**Raw data:**
◇ ◇ ◇ ◇
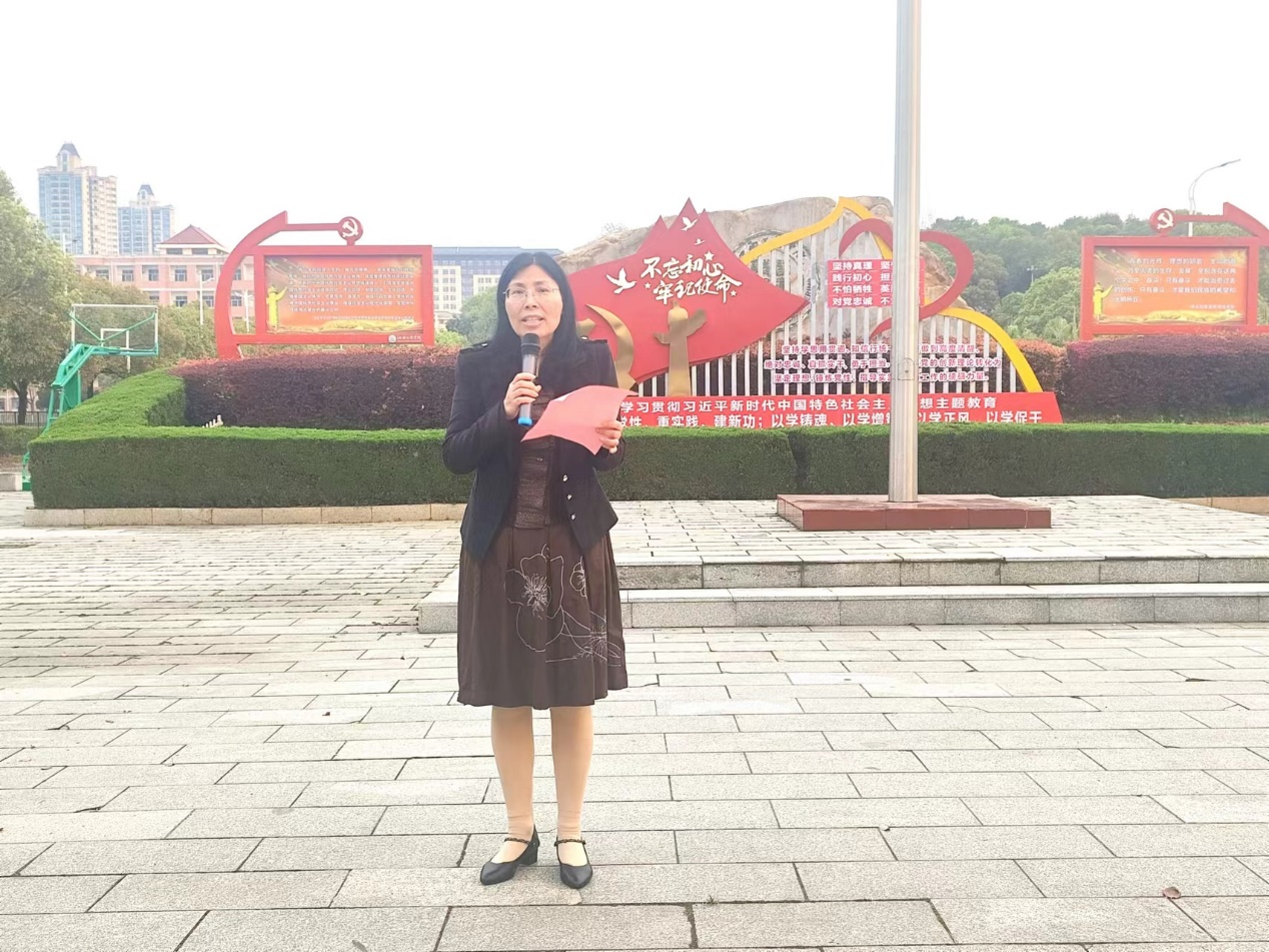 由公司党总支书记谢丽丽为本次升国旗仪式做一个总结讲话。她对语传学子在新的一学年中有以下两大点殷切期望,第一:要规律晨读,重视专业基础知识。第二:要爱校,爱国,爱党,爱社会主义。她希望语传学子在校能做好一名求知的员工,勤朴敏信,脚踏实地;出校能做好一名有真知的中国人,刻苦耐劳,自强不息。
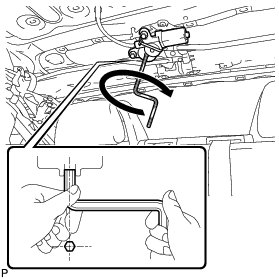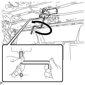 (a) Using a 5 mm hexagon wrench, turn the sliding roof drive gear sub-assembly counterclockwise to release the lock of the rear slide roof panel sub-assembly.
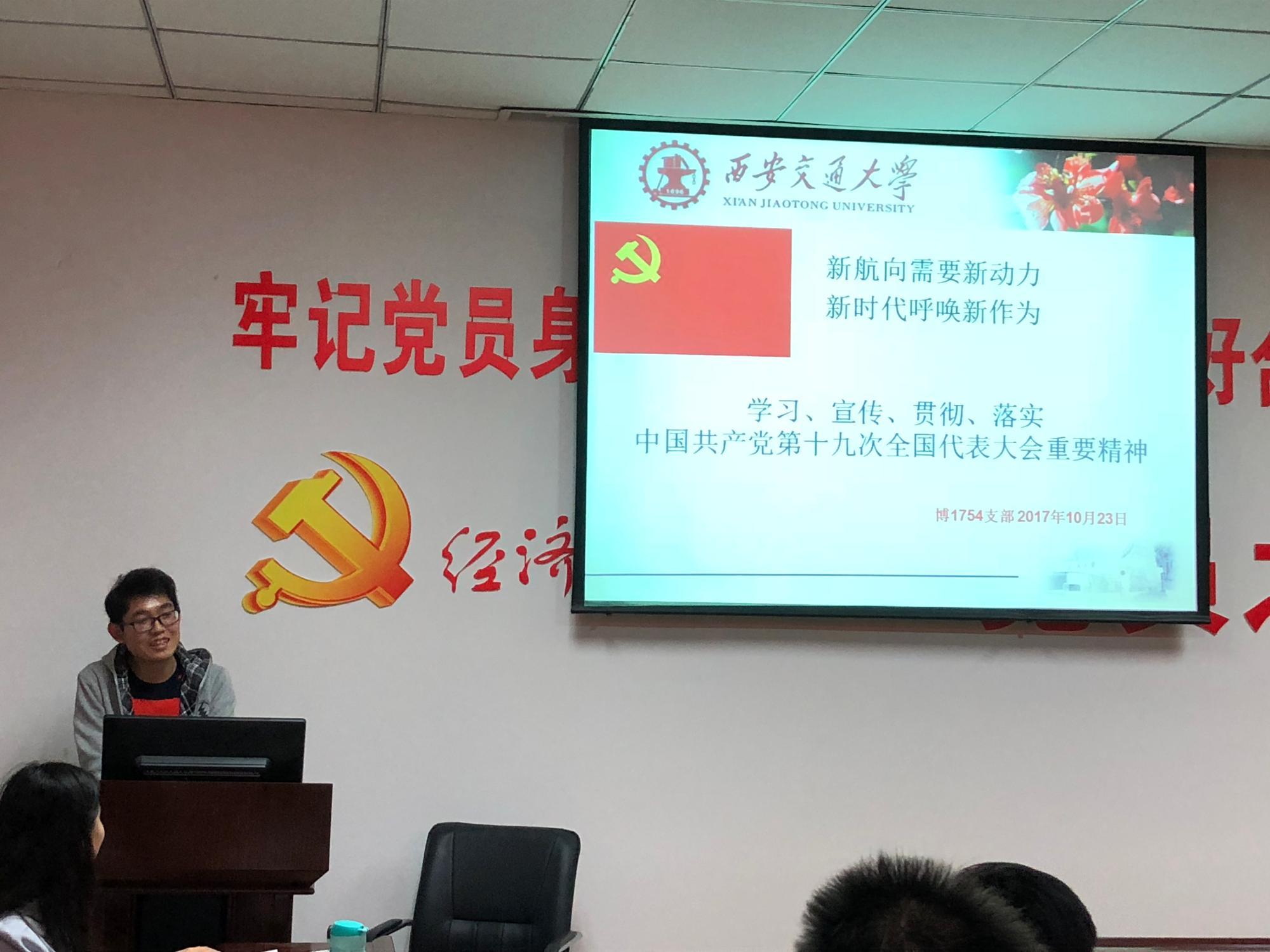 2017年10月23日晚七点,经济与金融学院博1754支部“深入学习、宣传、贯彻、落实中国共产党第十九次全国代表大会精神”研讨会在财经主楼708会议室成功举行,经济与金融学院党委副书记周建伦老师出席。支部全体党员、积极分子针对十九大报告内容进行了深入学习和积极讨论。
◇ ◇ ◇ ◇
**How to complete this task:**
Apart from the images, retype the full material exactly as written.

**Response to this task:**
 由公司党总支书记谢丽丽为本次升国旗仪式做一个总结讲话。她对语传学子在新的一学年中有以下两大点殷切期望,第一:要规律晨读,重视专业基础知识。第二:要爱校,爱国,爱党,爱社会主义。她希望语传学子在校能做好一名求知的员工,勤朴敏信,脚踏实地;出校能做好一名有真知的中国人,刻苦耐劳,自强不息。
 (a) Using a 5 mm hexagon wrench, turn the sliding roof drive gear sub-assembly counterclockwise to release the lock of the rear slide roof panel sub-assembly.
 2017年10月23日晚七点,经济与金融学院博1754支部“深入学习、宣传、贯彻、落实中国共产党第十九次全国代表大会精神”研讨会在财经主楼708会议室成功举行,经济与金融学院党委副书记周建伦老师出席。支部全体党员、积极分子针对十九大报告内容进行了深入学习和积极讨论。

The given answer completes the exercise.